Thursday, October 26, 2017
















I detest the describing myself as “unemployed.” I was filling out some paperwork recently and was asked to select from four options-employed full time, employed part time, on disability, or unemployed. While my illnesses and chronic pain prevent me from working, I am not yet receiving disability. So I selected unemployed, adding the caveat that I am disabled. 

So, why is this such a sore spot for me? 

Because being sick is a full time job. My job every day is to listen to my body, to take care of it, and to do all I can to mitigate my symptoms. My job is also to keep track of numerous appointments, filing deadlines, and new referrals. I spend hours upon hours a week researching treatments, reading about others’ experiences with my conditions, and documenting my symptoms so the doctors can have an accurate picture of my health. 

There is no PTO, there is no vacation. This is an all-day, every day thing. It’s literally life or death. (Okay, that may be a bit dramatic!) 

In the last year, my illnesses have forced me to become a secretary, an insurance expert, a lawyer, a historian, a geneticist, a researcher, and most importantly, an advocate. If I don’t advocate for myself, no one else will. I have fought long and hard to get to this point. 


I am not unemployed. I am an advocate for my health. I am fighting for my life. And being sick is my full time job. 

Monday, October 23, 2017


Recently, I was involved in a debate online about pain medication and the opioid epidemic. The OP wanted opinions on how we can still adequately manage chronic pain patients amidst this devastating epidemic. I chimed in and was met with so many supportive responses and a resounding “me too” from so many who have had similar experiences to my own. It was encouraging to see so so many who not only have shared my experiences, but to hear some feasible suggestions from so many. But of course, there is one who has to be ugly. 

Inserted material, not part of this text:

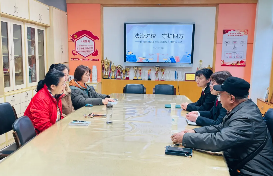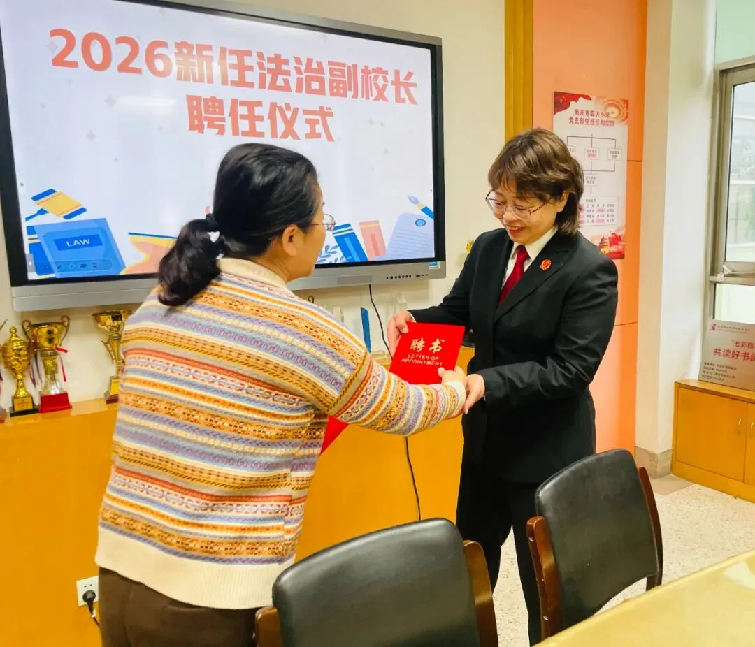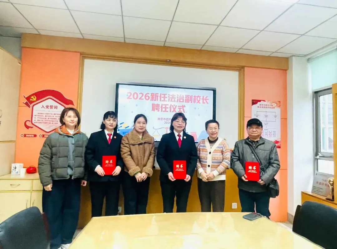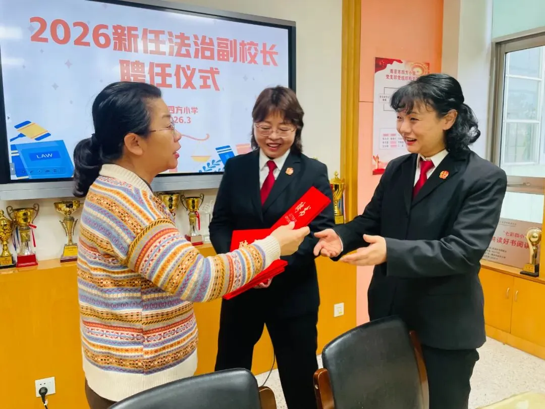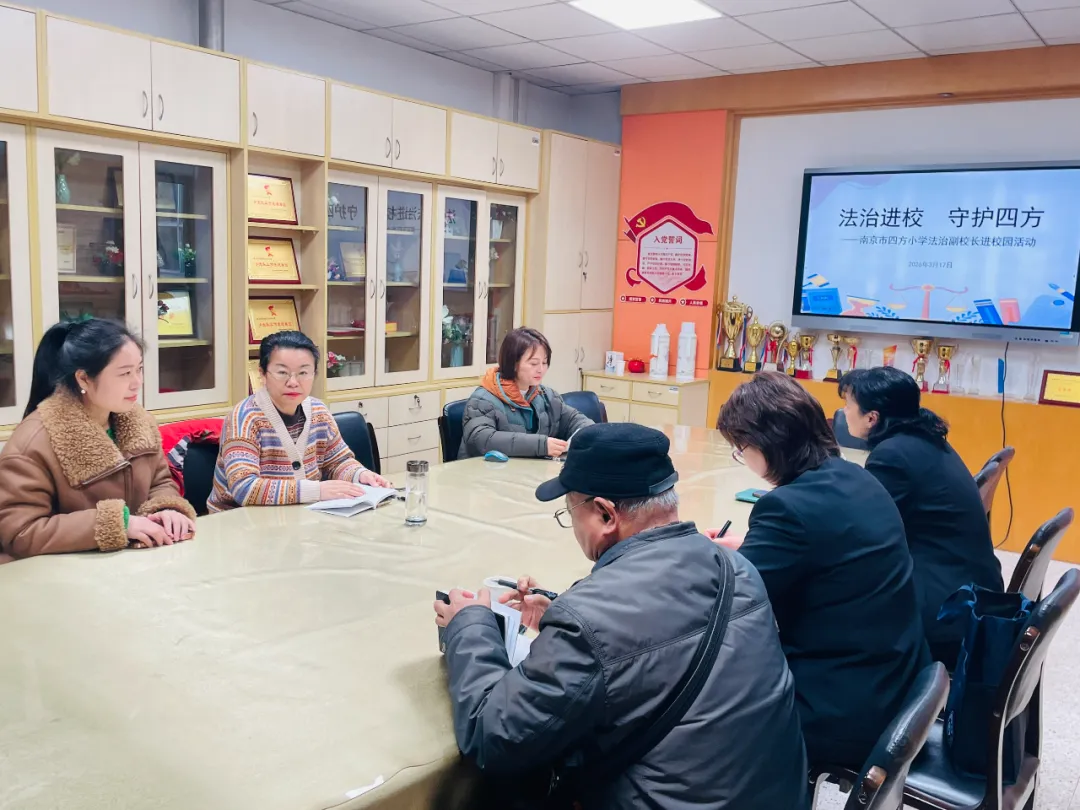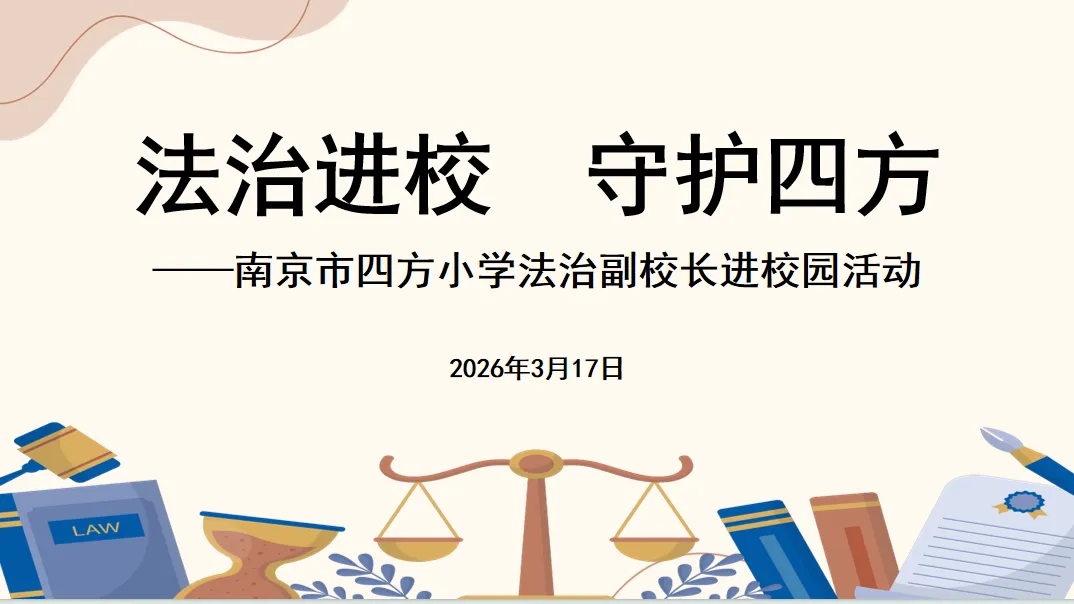 为进一步推进校园法治建设,增强师生法治意识,筑牢平安和谐校园根基,2026年3月17日,南京市四方小学法治副校长“1+N”团队走进校园,开展系列法治护航活动。通过“一次实地走访、一场座谈交流、一纸聘书聘任、一堂普法课堂”的“四个一”举措,为学生健康成长撑起法治“保护伞”,为校园安全筑牢坚实屏障。

It started as a genuine attempt to try to illustrate the same experience from the other side of the curtain and, like most things on the internet, rapidly devolved from there. As with any discussion about pain (and invisible illness in general), comments attributing most pain to excess weight and lack of physical activity were made. As an invisible illness warrior and chronic pain sufferer, I felt the need to reply to this to illustrate my own experiences with chronic pain following a car accident in my early 20s. I stated that I weighed about 110lbs and my back pain had nothing to do with my weight, rather with the fact that my vehicle was at a dead stop and hit by an SUV traveling at about 45MPH when it struck me. I also mentioned that I was an athlete my entire life, up until recently. Given the context of the comments, I wanted to illustrate a different story than the one that is evidently so common and the reason so many providers are almost indifferent to chronic pain and the very real people who have it. I was saddened to read the response…basically, I’m some weird exception and this isn’t the case with the overwhelming majority. But more concerning to me was when chronic pain patients were told to keep their victim mentalities since they didn’t want to try to see things from the other side.

This one was unacceptable, to tell me I’m being defensive when I stand up for myself and other chronic pain warriors is one thing. You’re damn skippy I’m defensive. I have lost so much to chronic pain and chronic illness that I will never, ever have the career or life I set out to have. I have had to alter my dreams and plans to fit my chronic pain and my EDS. (That’s a story for another time) But this attitude is exactly what is wrong with healthcare today. This attitude is why so many of us “spoonies” often succumb to depression and develop anxiety. I am taking a stand…I will yell it from the mountaintops, I will tell whoever will listen to little old me…I AM NOT A VICTIM! 

I am not a victim. I AM A SURVIVOR. I AM A WARRIOR. I AM A FIGHTER. And I will continue to fight for myself and others who are doing the best they can to live with this thing called chronic pain. 

I may have EDS, but I AM NOT A VICTIM. And no one, especially someone who is supposed to “do no harm” should EVER use these words to describe someone with chronic pain. Just because you can’t see my disability, IT DOES NOT MEAN IT’S NOT THERE!!!